LifeLong’s 2022 annual report stated that it expects to open a new health center in Berkeley this spring and to break ground on a new health center in East Oakland sometime this year. According to the annual report, LifeLong had over $122 million in revenue in 2021, including nearly $45 million in grants, and ended the year with revenue exceeding expenses by $4 million.

But Vliet said LifeLong’s financial health is not as rosy as that report might indicate.

“COVID had an impact on us,” Vliet said. “Costs have risen. Volumes have not been what they have traditionally been in the past. We’re currently running a significant structural deficit.”

LifeLong served 56,612 patients in 2022, an overwhelming majority of whom were low-income people of color. Before the COVID-19 pandemic began, Lifelong served 66,681 patients.

Vliet added that LifeLong’s labor costs have increased substantially. He said most patients receive Medi-Cal and government reimbursements are insufficient. The East Oakland health center project has been put on hold.

Vliet said the Marin Adult Day Health Center has been operating at a substantial deficit for a number of years. Losses over the last five years have totaled more than $2 million, and a loss of $600,000 is projected for next year.

“ADHC is an expensive program to operate,” Vliet wrote in an email. “Medi-Cal reimbursement doesn’t cover costs; we are a small center, so don’t have economies of scale; enrollment dropped precipitously during the pandemic; and we have not been as successful in securing grants as in the past.”

Debbie Toth, the chief executive officer of Choice in Aging, a nonprofit that operates adult day health centers in Pleasanton and Antioch, said Marin’s center is one of many around the state that are closing.

“The infrastructure in our industry is crumbling because we do not have funding that meets the regulatory requirements of service delivery,” Toth said. “That is the bottom line.”

Toth said state staffing requirements for adult day health centers mirror those for skilled nursing sites.

“We have to have the same medical director, pharmacy consult, psyche consult, nurses, social workers, physical occupational speech therapy, registered dietician, and then we have activity coordinators, professional activity staff, and professional care providers,” Toth said.

Vliet said the Marin center has 20 employees.

Most patients at adult day care health centers qualify for Medi-Cal. But Toth said Medi-Cal managed care plans, such as Partnership HealthPlan of California, can basically dictate the rates they pay for providing adult day care since it is considered an optional benefit and there is no legislated minimum payment.

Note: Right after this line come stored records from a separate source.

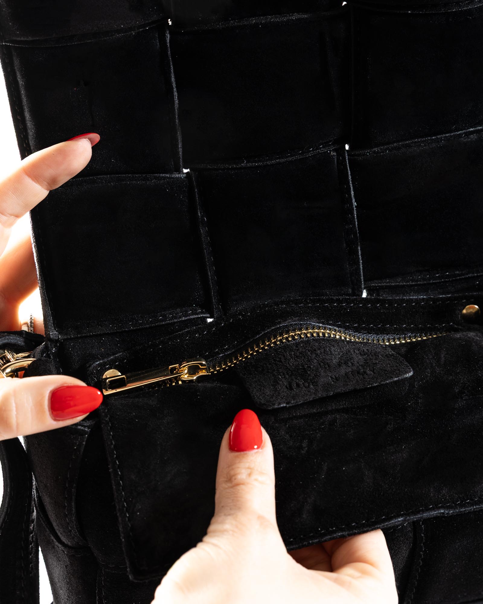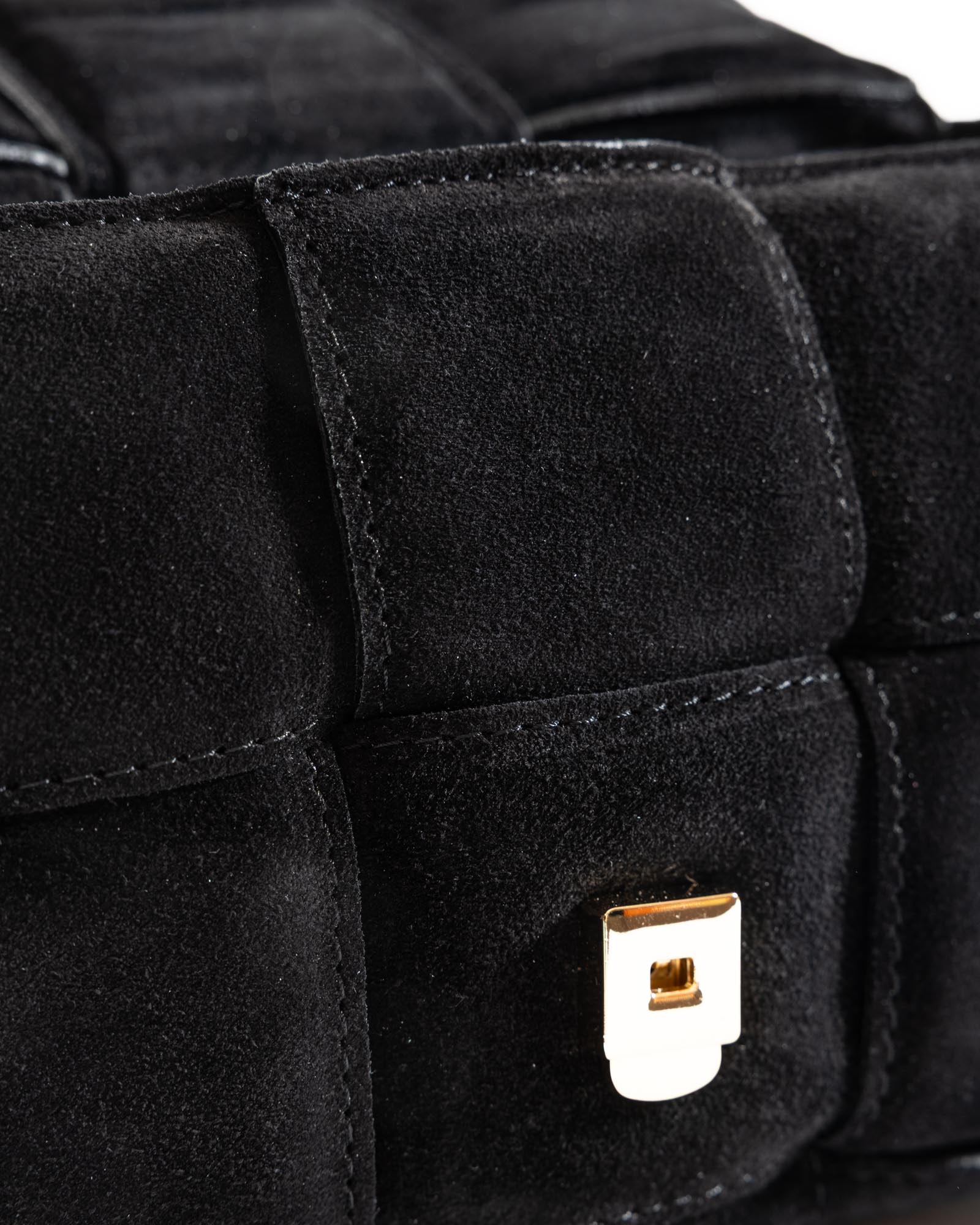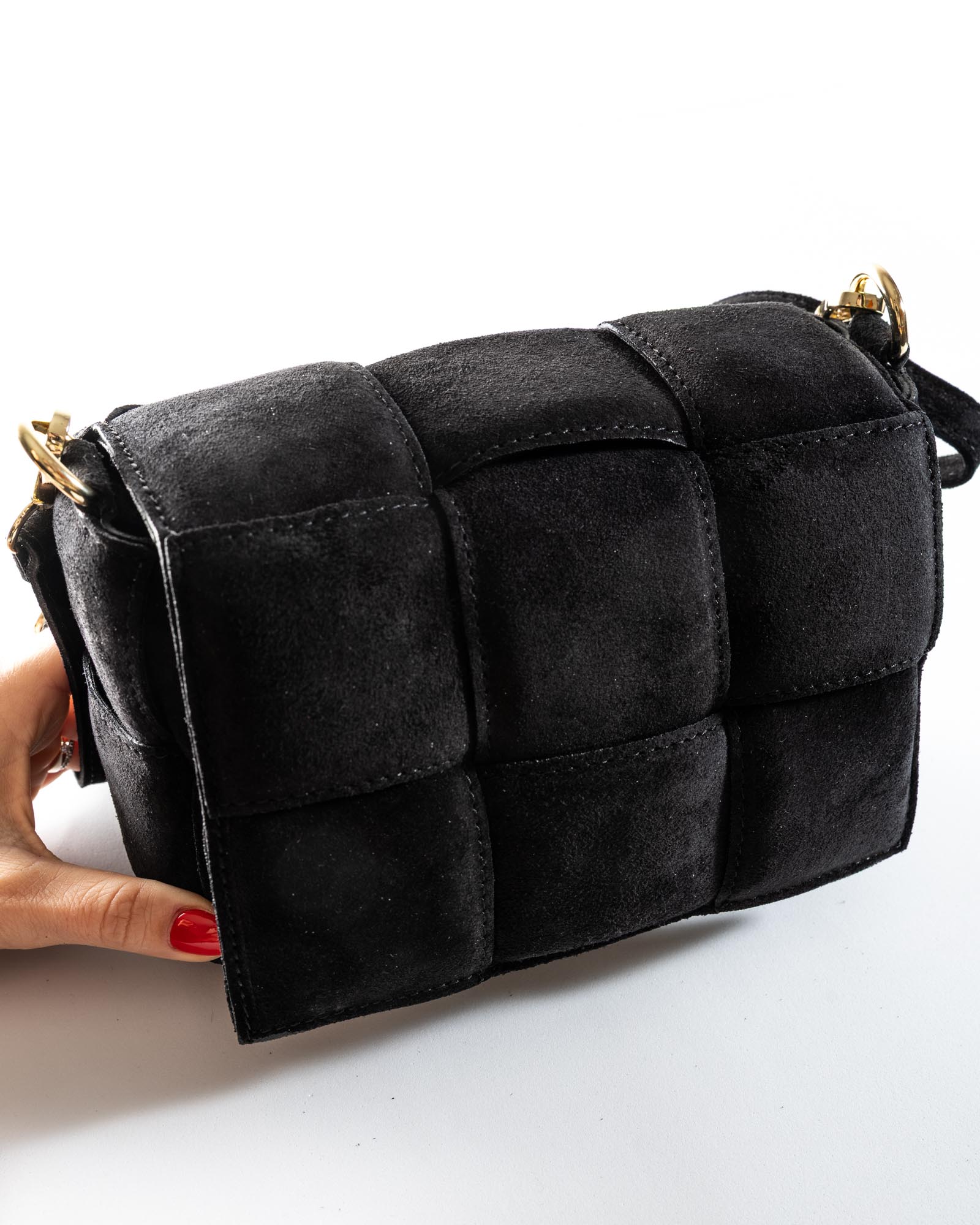 Crafted from soft suede in warm, natural tones, it is a handbag designed to accompany every moment of the day with effortless elegance. Clean lines and soft volumes evoke a timeless aesthetic, while the handcrafted woven detailing in genuine leather enhances its artisanal soul and attention to detail.
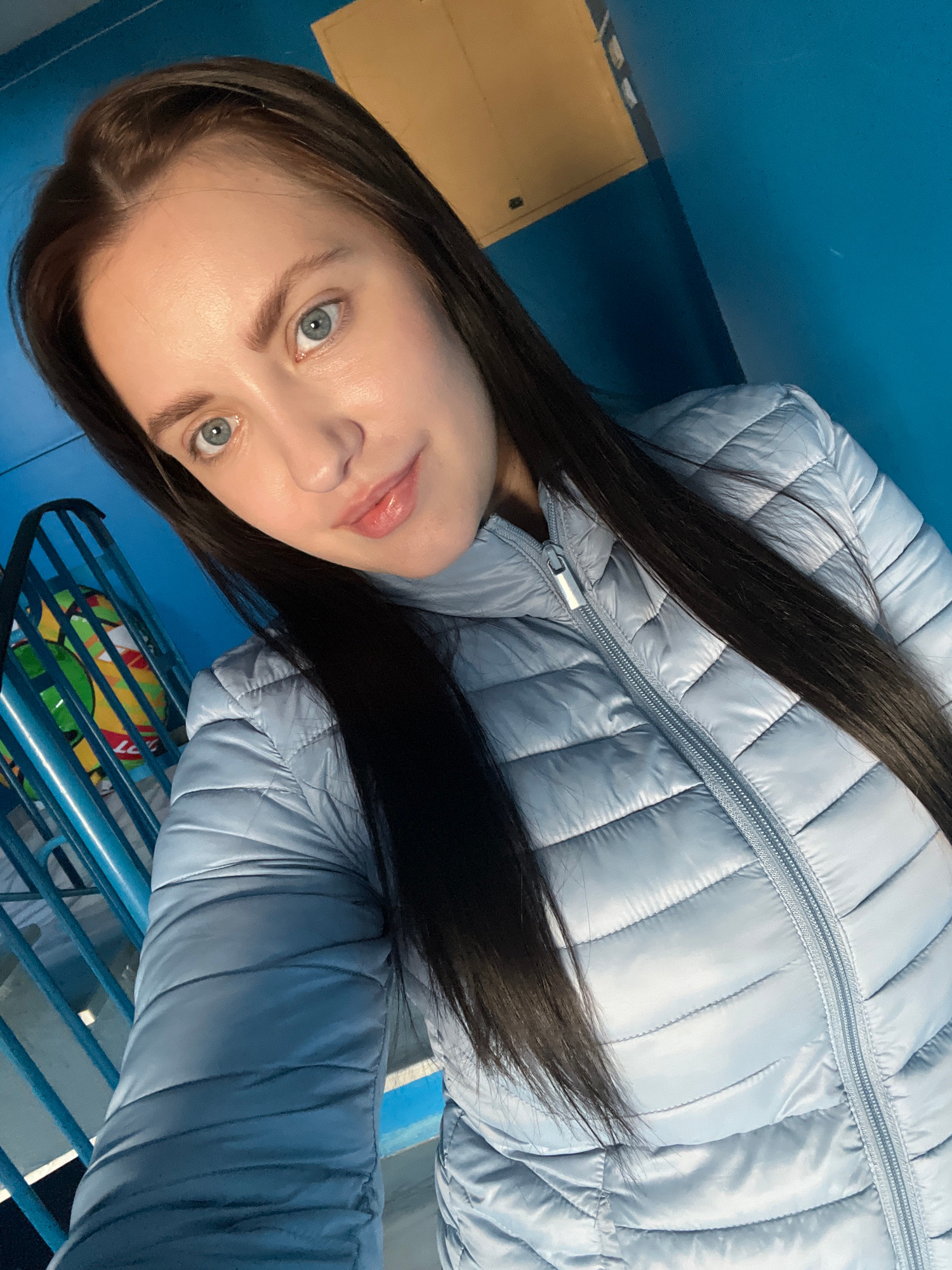 A woman with long dark hair and light blue eyes is looking at the camera. She is wearing a light blue quilted jacket. The background is a blue wall and floor with a yellow box in the corner. There is…read more
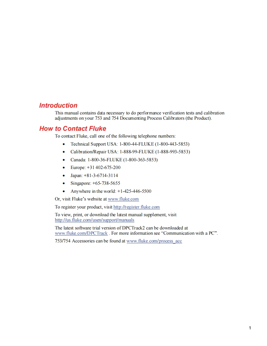 FLUKE753/754Documenting Process CalibratorCalibration ManuaNovember 20112011 Fluke Corporation.All rights reserved.Printed in USA.Specifications are subject to change without notice.All product names are trademarks of their respective companies.
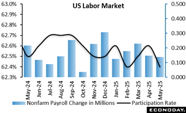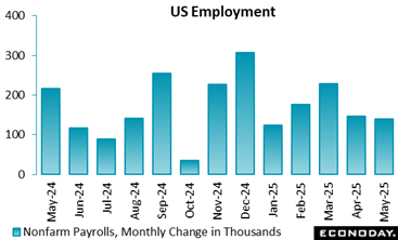 Nonfarm payrolls are up 139,000 in May, a bit above the consensus of up 129,000 in the Econoday survey of forecasters. However, there is a net downward revision to the prior two months of 95,000. The first two months of the second quarter 2025 shows a monthly average increase in payrolls of 143,000, while payroll growth in the first quarter is less than previously thought with a monthly average of up 111,000. Both are below the monthly average of up 209,000 in the fourth quarter 2024. Hiring is ongoing in the present economy, but the underlying trend is slower. Hiring is more diffuse and subject to uneven demand in the major sectors.
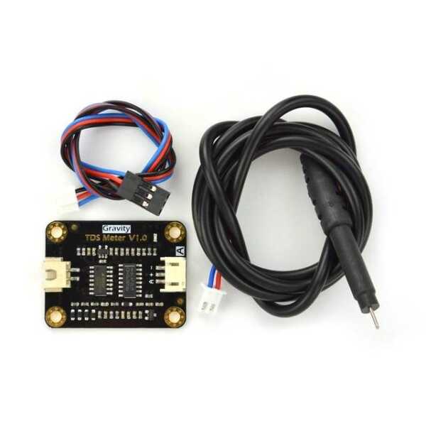 The DFRobot Gravity Analog TDS Sensor Module SEN0244 is a high-quality, easy-to-use sensor designed to measure Total Dissolved Solids (TDS) in water. It provides a simple and effective way to assess water quality by detecting the amount of dissolved ions, making it ideal for applications such as aquaculture, hydroponics, and environmental monitoring. This sensor module can be connected to any microcontroller with analog input capabilities, such as Arduino, allowing for real-time TDS data monitoring. With its plug-and-play Gravity interface and waterproof probe, the SEN0244 is perfect for both beginners and professionals working on water quality projects.
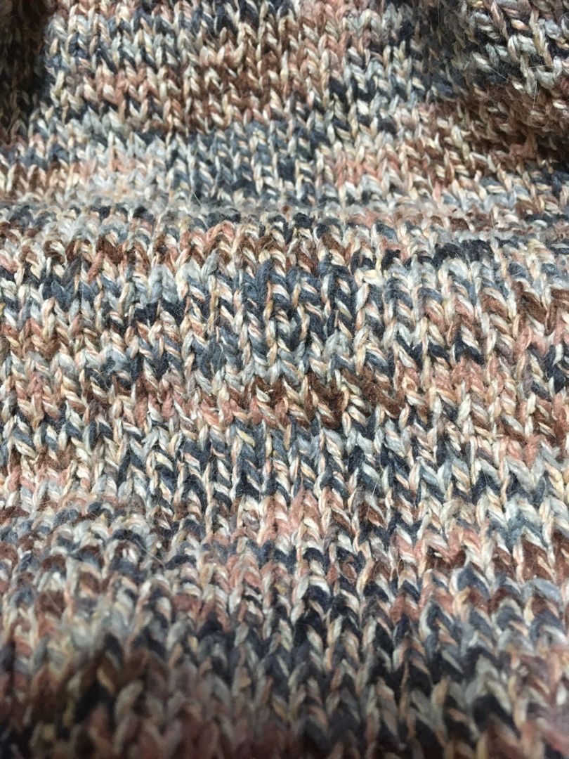 後ろ身頃を80段編んだところ。シンプルなメリヤスとカノコ編みのセーターになる予定です。
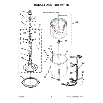 Outer tub assembly holds wash water and houses the inner basket in top-load washers. Replace if cracked, leaking, or damaged during repairs.

Vliet said Partnership HealthPlan has approved a Medi-Cal reimbursement rate of $100 per day for clients at the Marin center while the current cost is $345 per day. He said the Veterans Administration, which is supposed to be paying for three participants in the Marin program, has paid for only one day of care since 2020.

Dustin Lyda, a spokesman for Partnership HealthPlan, said it is “saddened by the closure of LifeLong Marin Adult Day Health Center.

“Partnership will not speculate on the specific factors leading to the decision made by MADHC,” Lyda said.

Toth said, “We prioritize institutional care over community-based care in our policies and our funding. It’s a broken system.”